Study objective: To determine the effects of tobacco dust extract (TDE) on isolated guinea pig tracheal smooth muscle.
Design: A controlled, in vitro smooth-muscle study of the effect of pharmacologic agents on TDE.
Methods: The effect of TDE on isolated guinea pig tracheal smooth muscle was tested using water-soluble extracts of dust obtained from machines in a cigarette manufacturing plant. Dose-related contractions of nonsensitized guinea pig trachea were demonstrated using these extracts. The dust extracts contained significant quantities of bacterial components (eg, endotoxin). Pharmacologic studies were performed by pretreating guinea pig tracheal tissue with drugs known to modulate smooth-muscle contraction: atropine, indomethacin, pyrilamine, nordihydroguaretic acid, acivicin, bromophenacyl bromide, 3,4,5-trimethoxybenzoic acid-8-(diethylamino)octyl ester, captopril, and capsaicin.
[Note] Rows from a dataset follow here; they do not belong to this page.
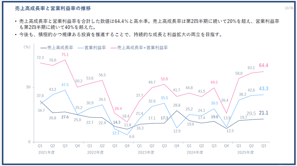 特筆すべきは、売上高成長率と営業利益率の両立です。第3四半期の売上高成長率は21.1%、営業利益率は43.3%となり、両指標ともに2四半期連続で高水準を達成しました。売上高成長率と営業利益率を合計した数値は64.4%に達しており、成長性と収益性を高いレベルで両立しています。
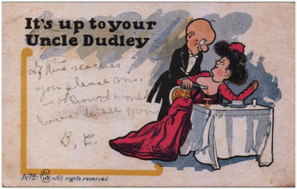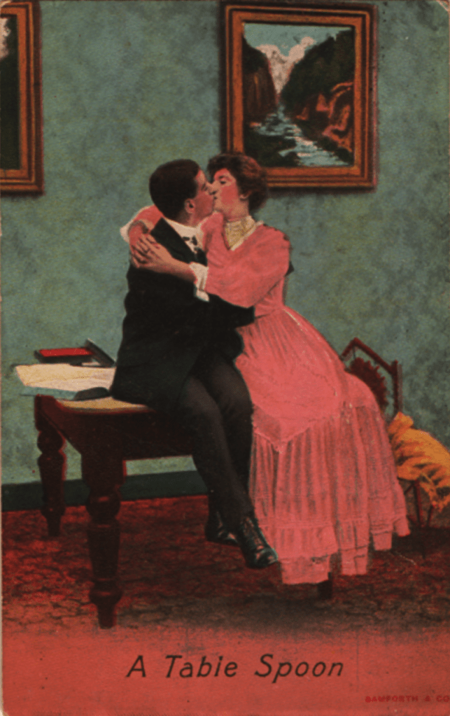However, the piece of furniture coming closest to the chair or the settee for romantic couples in postcards is probably the table. (What? Beds? This was a hundred years ago, klddo socko: couples were found on or in beds only in cards featuring married couples having a fight, or naughty postcards, which we will discuss at some future date. By the way, the really naughty cards didn’t use beds either: blankets would obstruct the view.)
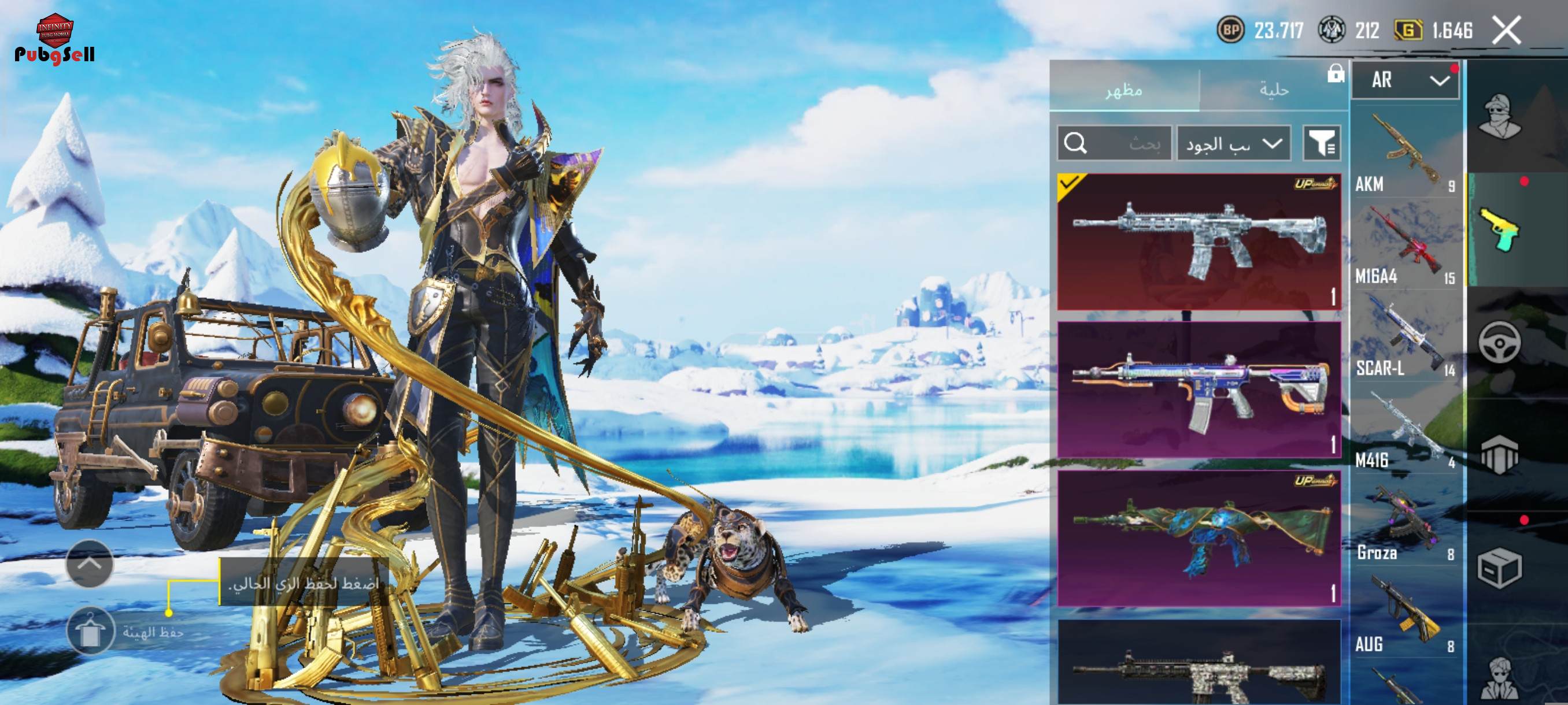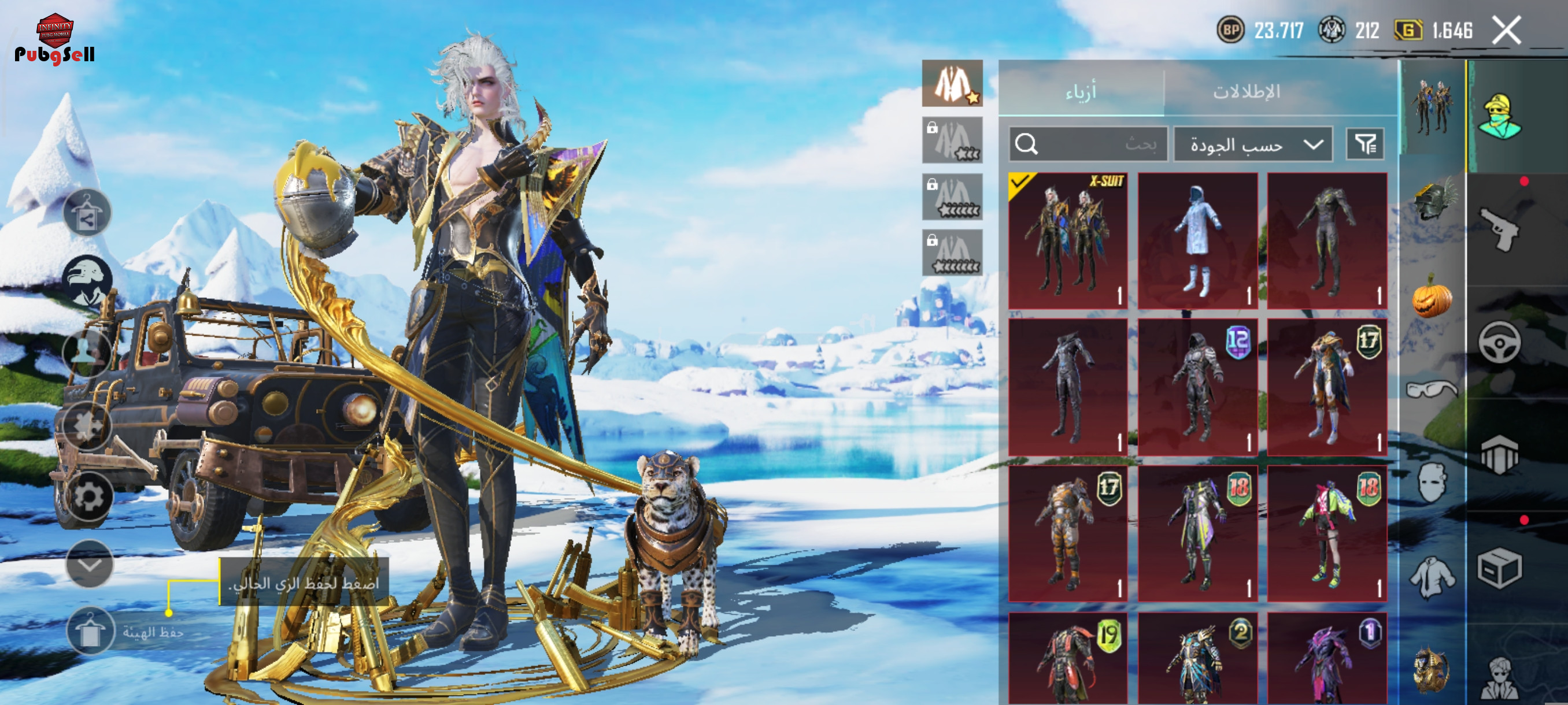 اکانت فول اسکین قدیم و جدید اکانت دارای امفور یخی مکس و جیپ لامبورگینی و پت پلنگ و جیپ سیزون ده دارای لباس ست اکس لول دو و 70تا سنگ طلا و 2متریال گان و 4مینی متریال و 1000تا یوسی که در تصاویر و فیدیو مشخصه فیلم کامل ببینید زیر قیمت گذاشتم چون نیاز به پولم

Results: Atropine strikingly reduced the contractile effects of these extracts. Inhibition of contraction by blocking other mediators was less complete. There was no inhibition of contraction by hexamethonium (10−4 mol/L, 10−5 mol/L, 10−6 mol/L), suggesting that nicotine was not the major contractile mediator of TDE. A separate analysis using different molecular weight fractions of TDE indicated that the constrictor activity appears to be primarily in the fraction with a molecular weight < 10 kd. Additionally, the constrictor effect resided entirely in the nonlipid fraction of the extract. We suggest that TDE causes dose-related airway smooth-muscle constriction by nonimmunologic mechanisms involving a variety of airway mediators and possibly cholinergic receptors.
Conclusions: The bronchoconstrictor activity of TDE resides primarily in its low molecular weight, nonlipid fraction, and hexamethonium studies suggest that this agent is not nicotine.